Update Note : i see you are passing the DB and also Schema as a parameter in the procedure but in the connection string you will be defining this, It will be useful when you are doing from the SQL but while coming to the application you need not use them because you will be stating the web-config which database and schema , so that it will be a redundant .

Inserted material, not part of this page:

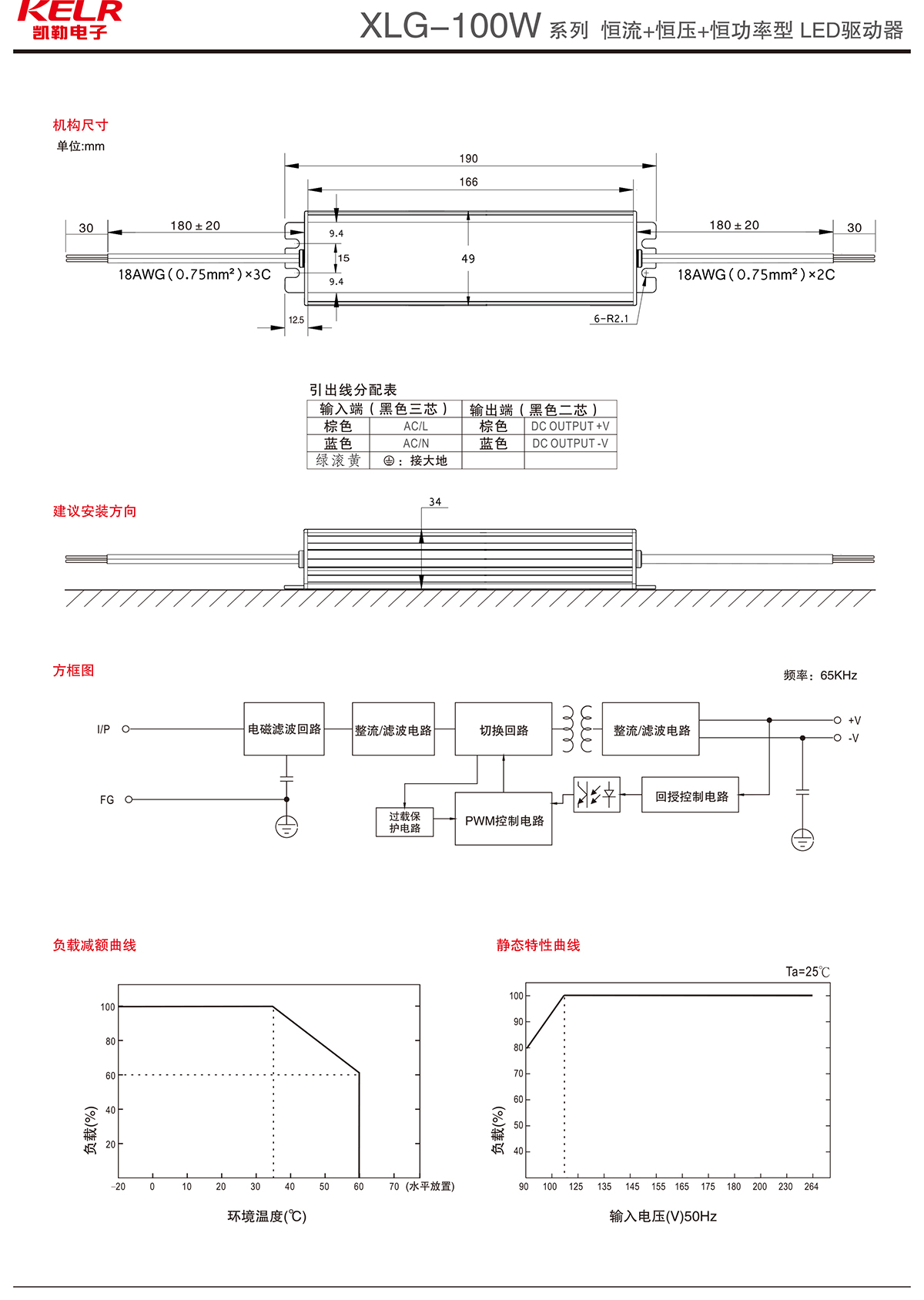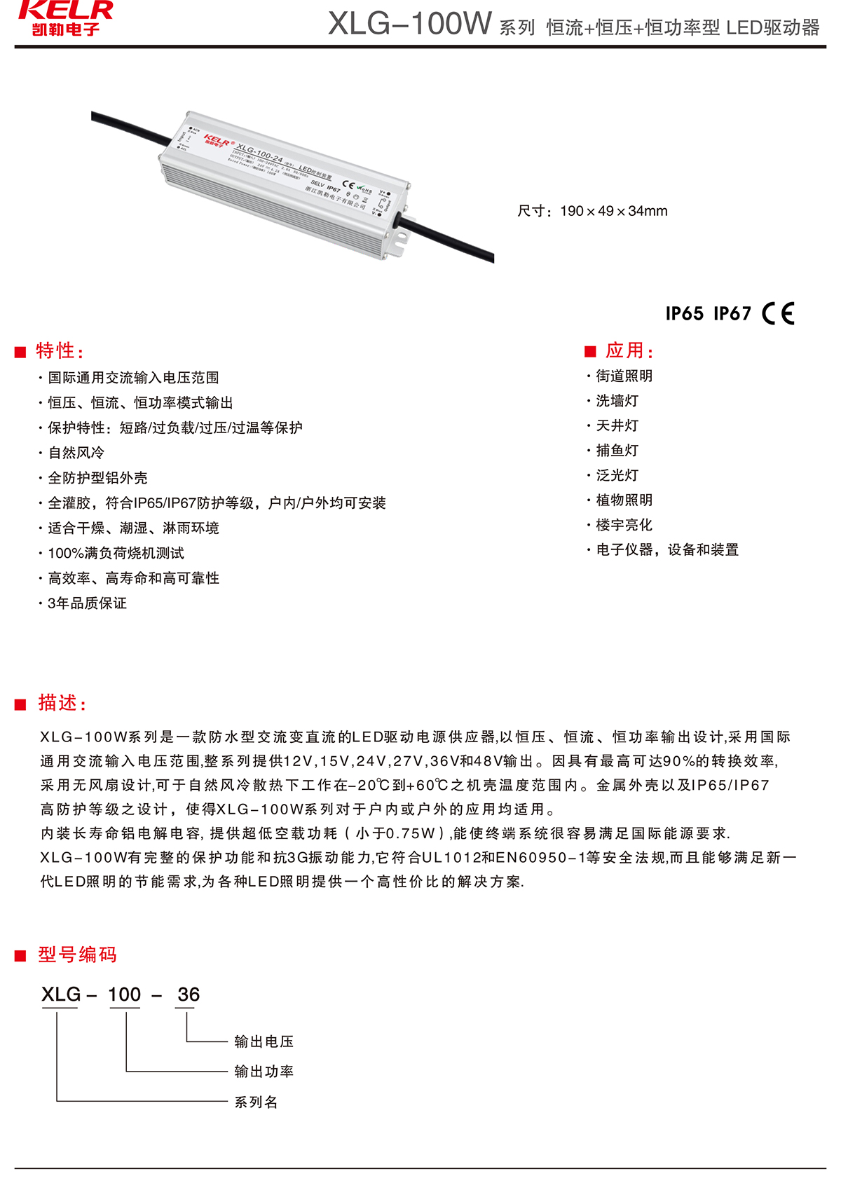 XLG-100-12 系列 恒壓+恒功率型LED驅動器

更新注意:我看到你正在将DB和Schema作为参数传递给程序,但是在连接字符串中你将定义它,当你从SQL做到但是在进入应用程序时你不需要使用它们是因为你将说明web-config哪个数据库和模式,这样它就是多余的。

#1


1  

In your button_Click for the cmd.ExecuteNonQuery(); just assign a int value i

在你的button_Click中为cmd.ExecuteNonQuery();只需指定一个int值i

Ex:

例如:

 int i =cmd.ExecuteNonQuery();
 if(i>0)
 {
     this.BindGrid();
 }

Update Note : i see you are passing the DB and also Schema as a parameter in the procedure but in the connection string you will be defining this, It will be useful when you are doing from the SQL but while coming to the application you need not use them because you will be stating the web-config which database and schema , so that it will be a redundant .

更新注意:我看到你正在将DB和Schema作为参数传递给程序,但是在连接字符串中你将定义它,当你从SQL做到但是在进入应用程序时你不需要使用它们是因为你将说明web-config哪个数据库和模式,这样它就是多余的。